Enhancing cryo-EM structure prediction with DeepTracer and AlphaFold2 integration

Abstract

Understanding the protein structures is invaluable in various biomedical applications, such as vaccine development. Protein structure model building from experimental electron density maps is a time-consuming and labor-intensive task. To address the challenge, machine learning approaches have been proposed to automate this process. Currently, the majority of the experimental maps in the database lack atomic resolution features, making it challenging for machine learning-based methods to precisely determine protein structures from cryogenic electron microscopy density maps. On the other hand, protein structure prediction methods, such as AlphaFold2, leverage evolutionary information from protein sequences and have recently achieved groundbreaking accuracy. However, these methods often require manual refinement, which is labor intensive and time consuming. In this study, we present DeepTracer-Refine, an automated method that refines AlphaFold predicted structures by aligning them to DeepTracers modeled structure. Our method was evaluated on 39 multi-domain proteins and we improved the average residue coverage from 78.2 to 90.0% and average local Distance Difference Test score from 0.67 to 0.71. We also compared DeepTracer-Refine with Phenixs AlphaFold refinement and demonstrated that our method not only performs better when the initial AlphaFold model is less precise but also surpasses Phenix in run-time performance.

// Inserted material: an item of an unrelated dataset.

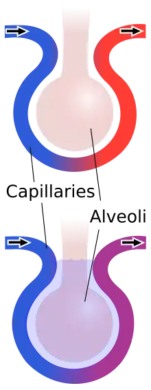 Normally, the ratio of ventilation to perfusion is about one-to-one; the volume of air entering the alveoli (ventilation) is about equal to that of blood in the capillaries around them (perfusion).[39] This ratio is reduced in pulmonary contusion; fluid-filled alveoli cannot fill with air, oxygen does not fully saturate the hemoglobin, and the blood leaves the lung without being fully oxygenated.[40] Insufficient inflation of the lungs, which can result from inadequate mechanical ventilation or an associated injury such as flail chest, can also contribute to the ventilation/perfusion mismatch.[30] As the mismatch between ventilation and perfusion grows, blood oxygen saturation is reduced.[40] Pulmonary hypoxic vasoconstriction, in which blood vessels near the hypoxic alveoli constrict (narrow their diameter) in response to the lowered oxygen levels, can occur in pulmonary contusion.[26] The vascular resistance increases in the contused part of the lung, leading to a decrease in the amount of blood that flows into it,[37] directing blood to better-ventilated areas.[26] Although reducing blood flow to the unventilated alveoli is a way to compensate for the fact that blood passing unventilated alveoli is not oxygenated,[26] the oxygenation of the blood remains lower than normal.[39] If it is severe enough, the hypoxemia resulting from fluid in the alveoli cannot be corrected just by giving supplemental oxygen; this problem is the cause of a large portion of the fatalities that result from trauma.[40]

Keywords: AlphaFold; DeepTracer; cryo-EM; protein docking; protein structure; refinement.

Figure 1

An illustration of the two approaches in protein structure prediction. (A) Map-to-model detects the residues from a cryo-EM electron density map and connects them into a 3D structure through backbone tracing. (B) Sequence-to-model uses a protein sequence as input to fold the 1D sequence into a 3D structure.

Figure 2

Current challenges of map-to-model methods. (A) Cryo-EM maps lack the resolution to provide atomic-level details for accurate side-chain identification even at high resolution. Two residues, phenylalanine and tyrosine, are placed in cryo-EM density map EMD-20621 and the side-chains are indistinguishable from the map. The balls represent atoms and the circled atoms in the top half of the residues are the side-chain atoms. (B) Missing residues causing false connections. In the close-up section from DeepTracer's prediction, the balls represent residues and DeepTracer missed four residues (enclosed by the oval) causing the backbone to be connected incorrectly.

Figure 3

The design of DeepTracer-Refine pipeline. We utilized AlphaFolds pLDDT score to detect and rank locations to split the structure into compact domains. We process the pLDDT scores first and calculate an empirical score for each possible low-confidence location. We rank the locations based on the empirical scores and a higher score suggests a poorer AlphaFold prediction. In this example of a rotavirus VP6 [28], we split the AlphaFold model at residue 148 and aligned each domain separately to DeepTracers prediction. The merged structure is improved as we can see the conformation of the right-side structure resembles more closely to the solved structure.

Figure 4

DeepTracer-Refine improvements in residue coverage (left y-axis, 0–100%) and lDDT score (right y-axis, 0.00–1.00). For each entry, the two left bars are residue coverage and the right two right bars are lDDT. The lighter shades represent initial AlphaFold results and the darker shades are DeepTracer-Refine results, respectively.

Figure 5

Examples of structural improvements after DeepTracer-Refine. In both examples, the solved and DeepTracer structures do not have complete residue coverage. On the other hand, AlphaFold and DeepTracer-Refine structures contain the entire sequence but the backbones are not accurate enough for the residues to be matched so the residue coverage is incomplete as well. (A) The original DeepTracer prediction is accurate in residue coverage and predicted sequence. DeepTracer-Refine split the AlphaFold model at residue 218 and aligned each half correctly. (B) An example when the original DeepTracer is not as accurate in sequence prediction. DeepTracer-Refine improved the encircled region to be more similar with the solved structure.

Figure 6

Top right and top left graphs compare the results of DeepTracer-Refine and Phenix-Refine with AlphaFolds initial predicted structures. DeepTracer-Refine is more effective when the initial AlphaFold prediction is less accurate (residue coverage <80% and lDDT <0.65). Bottom graph compares the run-time performance and it is displayed in logarithmic scale. The average run-time of DeepTracer-Refine is ~8 min while Phenix-Refine is 3 h and 35 min.

Figure 7

An example of a worsened AlphaFold structure after DeepTracer-Refine. This is caused by the missing backbone in the DeepTracer prediction (highlighted in the circle) so the compact domains were unable to be properly aligned.

Figure 8

An example of DeepTracer-Refine’s result with and without the distance checking strategy. DeepTracer-Refine aligned the compact domain of residue 1–41 (top-right, highlighted by the circle) to a helical structure that is similar to it, however it is too far away to be considered as a possible alignment.